# WHAT NEEDS TO BE DONE:
Copy out again, unchanged, the listing below from the line that has "Men lavender silk" through the line that has "三井物産「その志で、世界を動".

# WORKING DATA:

▼

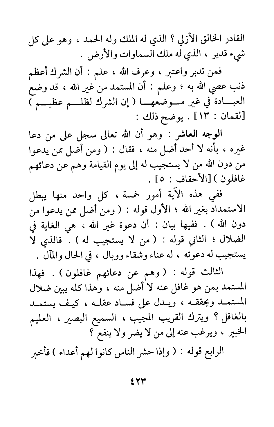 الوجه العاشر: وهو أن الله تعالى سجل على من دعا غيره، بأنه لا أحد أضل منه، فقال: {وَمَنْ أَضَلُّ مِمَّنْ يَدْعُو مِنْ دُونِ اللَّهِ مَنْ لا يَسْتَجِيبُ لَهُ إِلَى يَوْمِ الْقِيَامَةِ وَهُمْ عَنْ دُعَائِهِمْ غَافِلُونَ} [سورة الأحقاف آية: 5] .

▲
▼

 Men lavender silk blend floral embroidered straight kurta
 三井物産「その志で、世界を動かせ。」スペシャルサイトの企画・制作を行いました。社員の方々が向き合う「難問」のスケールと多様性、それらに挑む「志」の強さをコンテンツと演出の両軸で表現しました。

▲
▼

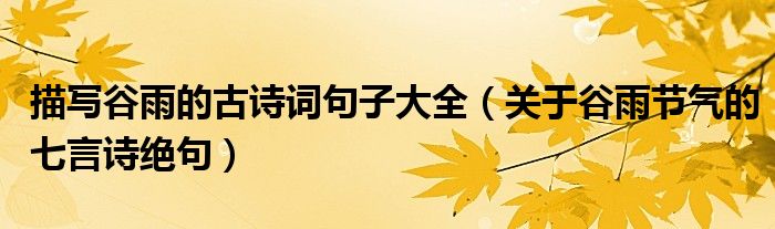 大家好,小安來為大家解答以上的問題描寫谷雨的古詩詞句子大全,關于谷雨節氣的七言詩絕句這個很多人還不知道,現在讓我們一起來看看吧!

▲

# ANSWER SPACE:
 Men lavender silk blend floral embroidered straight kurta
 三井物産「その志で、世界を動かせ。」スペシャルサイトの企画・制作を行いました。社員の方々が向き合う「難問」のスケールと多様性、それらに挑む「志」の強さをコンテンツと演出の両軸で表現しました。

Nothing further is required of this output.